CN214069897U - GaN transistor driver modules, switching circuits and electronic equipment - Google Patents

本实用新型提供了一种GaN晶体管的驱动模块、开关电路与电子设备，包括：第一下拉晶体管与反向过冲抑制单元，所述第一下拉晶体管的第一端直接或间接连接至所述GaN晶体管的栅极，所述反向过冲抑制单元连接于所述第一下拉晶体管的第二端与地之间，所述反向过冲抑制单元还直接或间接连接至所述GaN晶体管的栅极；所述GaN晶体管连接于第一电压源与地之间；所述反向过冲抑制单元用于：在所述GaN晶体管的栅极电压下降时，若所述栅极电压高于指定阈值时，以第一阻抗控制所述GaN晶体管栅极电荷的释放；若所述栅极电压低于所述指定阈值时，以第二阻抗控制所述GaN晶体管栅极电荷的释放；所述第一阻抗小于所述第二阻抗。

The utility model provides a driving module, a switch circuit and an electronic device of a GaN transistor, comprising: a first pull-down transistor and a reverse overshoot suppression unit, wherein the first end of the first pull-down transistor is directly or indirectly connected to The gate of the GaN transistor, the reverse overshoot suppression unit is connected between the second end of the first pull-down transistor and the ground, and the reverse overshoot suppression unit is also directly or indirectly connected to the the gate of the GaN transistor; the GaN transistor is connected between the first voltage source and the ground; the reverse overshoot suppression unit is used for: when the gate voltage of the GaN transistor drops, if the gate voltage When the voltage is higher than the specified threshold, the release of the gate charge of the GaN transistor is controlled by a first impedance; if the gate voltage is lower than the specified threshold, the release of the gate charge of the GaN transistor is controlled by a second impedance; The first impedance is smaller than the second impedance.

Drive module, switching circuit and electronic equipment of GaN transistor

Technical Field

The utility model relates to a drive field of gaN transistor especially relates to a drive module, switch circuit and electronic equipment of gaN transistor.

Background

The GaN transistor may be a transistor formed on the basis of GaN material, such as an NMOS transistor formed on the basis of GaN material, which can be turned on and off by the driving module.

In the related art, the gate of the GaN transistor may be grounded through the pull-down transistor, and when the pull-down transistor is driven to be turned on, the gate of the GaN transistor may be pulled down, thereby performing a turn-off operation of the GaN transistor.

However, GaN has a very high switching speed, so the rate of change of the gate current is slow (it can be understood that di/dt is large), and a large reverse overshoot voltage is generated under the influence of the gate parasitic inductance (mainly the parasitic inductance caused by the PCB and the package), and the reverse overshoot voltage obviously affects the stability of the GaN transistor.
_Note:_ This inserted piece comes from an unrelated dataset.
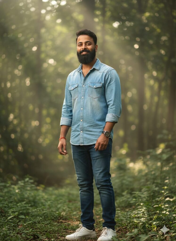 Ultra-Photorealistic 8K HD image of a handsome young man, with a clear and detailed face. He is standing naturally, wearing a casual outfit (denim shirt, jeans, and stylish sneakers). He has a subtle, engaging smile. He is wearing a wrist watch and a traditional red thread ('dhaga') on his hand. The background is a natural, lush green environment with a strong *DSLR-style bokeh effect* (shallow depth of field) to create a beautiful blur. Use *cinematic volumetric lighting* and focus for high-quality, sharp detail. Don't change faces
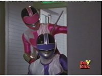 The Rangers fall down, the Evil Rangers turn around, Pink nod-talks, then they get up and pull out their V-Weapons, only to have their Evil doubles do the same. |

SUMMERY OF THE UTILITY MODEL

The utility model provides a drive module, switch circuit and electronic equipment of gaN transistor to solve the problem that reverse voltage of overshooting influences gaN transistor stability.

According to a first aspect of the present invention, there is provided a driving module of a GaN transistor, comprising: a first pull-down transistor and an overshoot suppression unit, a first end of the first pull-down transistor is directly or indirectly connected to the gate of the GaN transistor, the overshoot suppression unit is connected between a second end of the first pull-down transistor and ground, and the overshoot suppression unit is also directly or indirectly connected to the gate of the GaN transistor; the GaN transistor is connected between a first voltage source and the ground;

the inverse overshoot suppression unit is configured to:

when the grid voltage of the GaN transistor is reduced and if the grid voltage is higher than a specified threshold value, controlling the discharge of the grid charge of the GaN transistor by using first impedance; if the grid voltage is lower than the designated threshold value, controlling the discharge of the GaN transistor grid charge by second impedance; the first impedance is less than the second impedance.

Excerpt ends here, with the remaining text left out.